Write out every line of the material as it stands, apart from the pictures.

Raw data =>
============

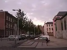 Une annexe du début du XXe siècle d'une école de la ville de Liège, la collégiale Saint-Barthélemy et son ancien presbytère (école primaire Saint-Thomas) cernent la place arborée au pied des Coteaux de la Citadelle.
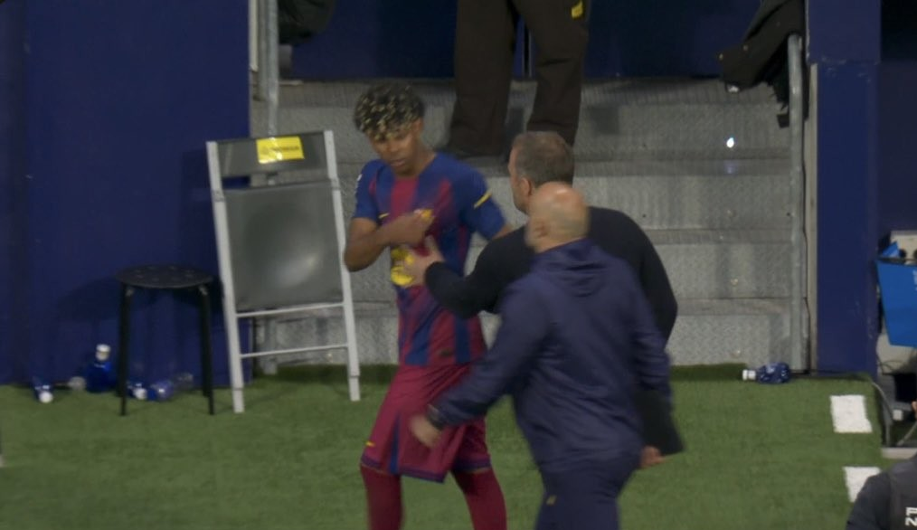 وبحسب ما ورد في صحيفة “آس” الإسبانية أيضا ظهر لامين جمال وهو يتوجه للنفق المؤدي لغرفة الملابس وهو منفعل ولم يصافح مدربه وكأنه يشير لشيء ما وهو يتحدث مع أحد أفراد الجهاز الفني.
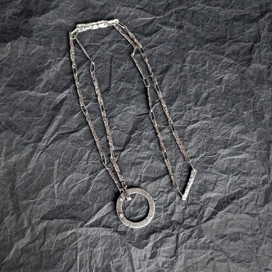 Цепь с крупным съёмным замком, на который можно крепить кулон, выполнена из белого металла, патинирована.

============

Answer space =>
 Une annexe du début du XXe siècle d'une école de la ville de Liège, la collégiale Saint-Barthélemy et son ancien presbytère (école primaire Saint-Thomas) cernent la place arborée au pied des Coteaux de la Citadelle.
 وبحسب ما ورد في صحيفة “آس” الإسبانية أيضا ظهر لامين جمال وهو يتوجه للنفق المؤدي لغرفة الملابس وهو منفعل ولم يصافح مدربه وكأنه يشير لشيء ما وهو يتحدث مع أحد أفراد الجهاز الفني.
 Цепь с крупным съёмным замком, на который можно крепить кулон, выполнена из белого металла, патинирована.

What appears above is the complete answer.